Computation of attractor dimension and maximal sums of Lyapunov exponents using polynomial optimization (2510.14870v1)

Abstract: Two approaches are presented for computing upper bounds on Lyapunov exponents and their sums, and on Lyapunov dimension, among all trajectories of a dynamical system governed by ordinary differential equations. The first approach expresses a sum of Lyapunov exponents as a time average in an augmented dynamical system and then applies methods for bounding time averages. This generalizes the work of Oeri & Goluskin (Nonlinearity 36:5378-5400, 2023), who bounded the single leading Lyapunov exponent.

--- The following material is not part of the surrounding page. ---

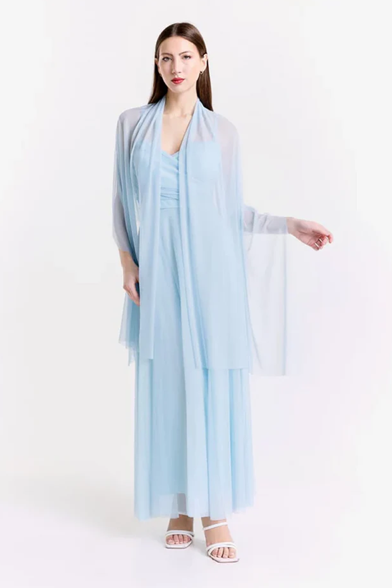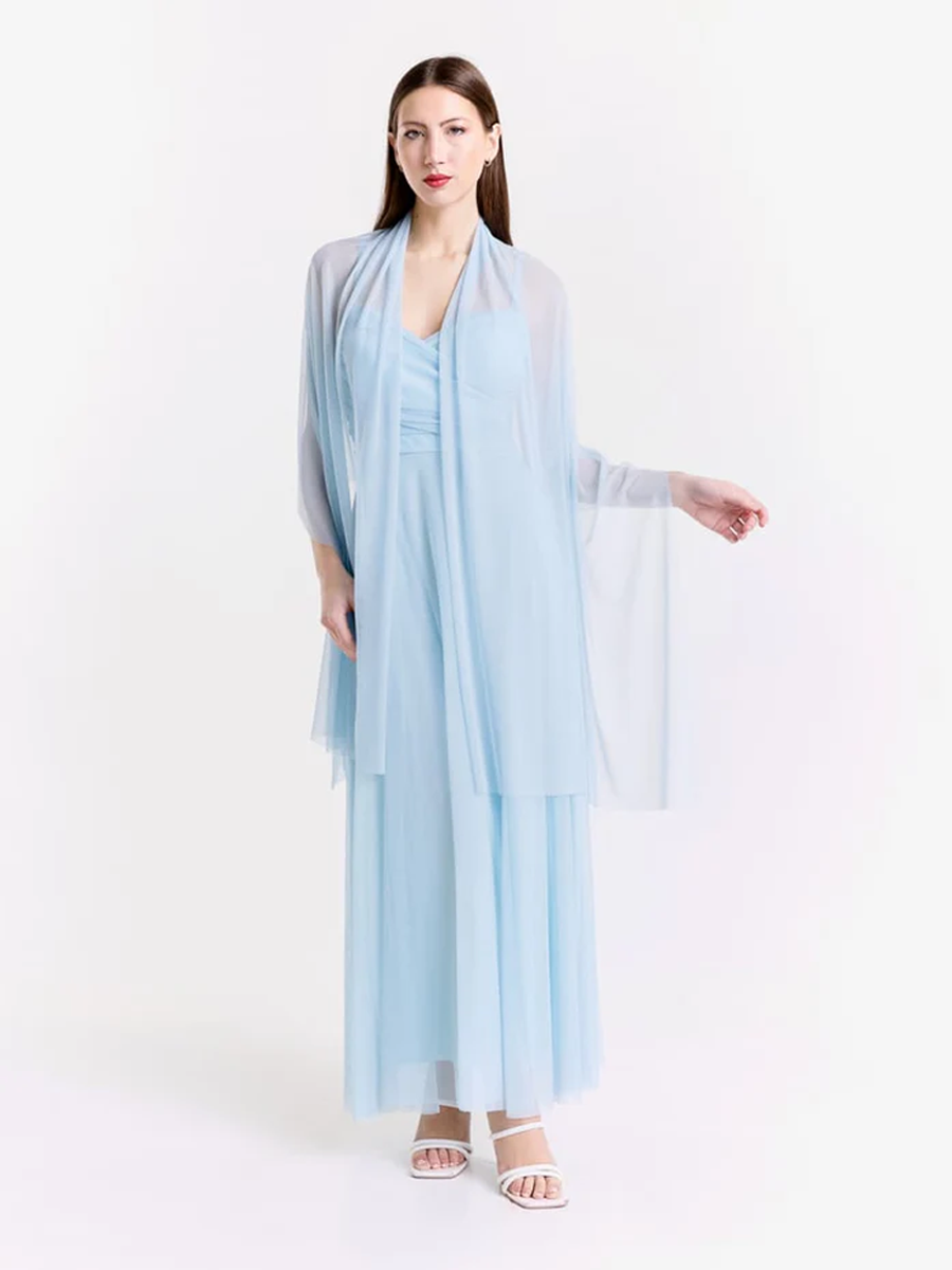 Coprispalle lungo in tulle con maniche ampie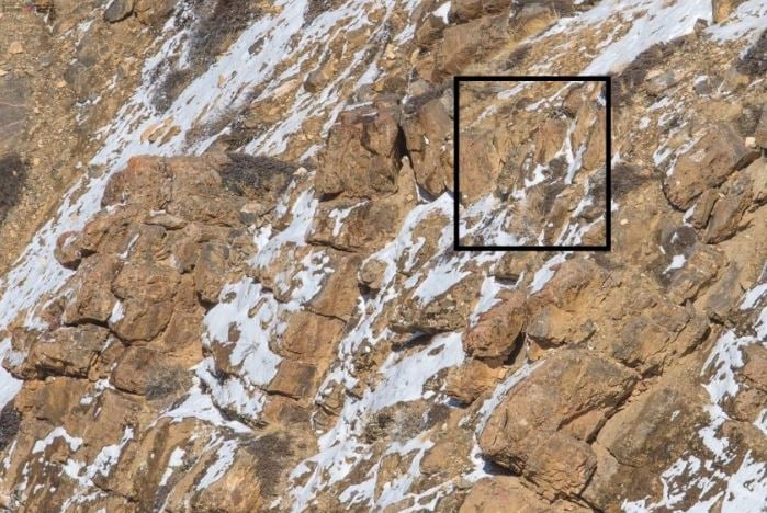 Er postete ein Foto von einem Schneeleoparden, der zwischen den Felsen herumschleicht, aber es ist extrem schwierig, das Tier auf dem Bild zu erkennen, schreibt Glavred.

The second approach considers a different augmented dynamical system, where bounds on sums of Lyapunov exponents are implied by stability of certain sets, and such stability is verified using Lyapunov function methods. Both of our approaches also can be adapted to directly compute bounds on Lyapunov dimension, which in turn implies bounds on the fractal dimension of a global attractor. For systems of ordinary differential equations with polynomial right-hand sides, all of our bounding formulations lead to polynomial optimization problems with sum-of-squares constraints. These sum-of-squares problems can be solved computationally for any particular system to yield numerical bounds, provided the number of variables and degree of polynomials is not prohibitive. Most of our upper bounds are proven to be sharp under relatively weak assumptions. In the case of the polynomial optimization problems, sharpness means that upper bounds converge to the exact values as polynomial degrees are raised. Computational examples demonstrate upper bounds that are sharp to several digits, including for a six-dimensional dynamical system where sums of Lyapunov exponents are maximized on periodic orbits.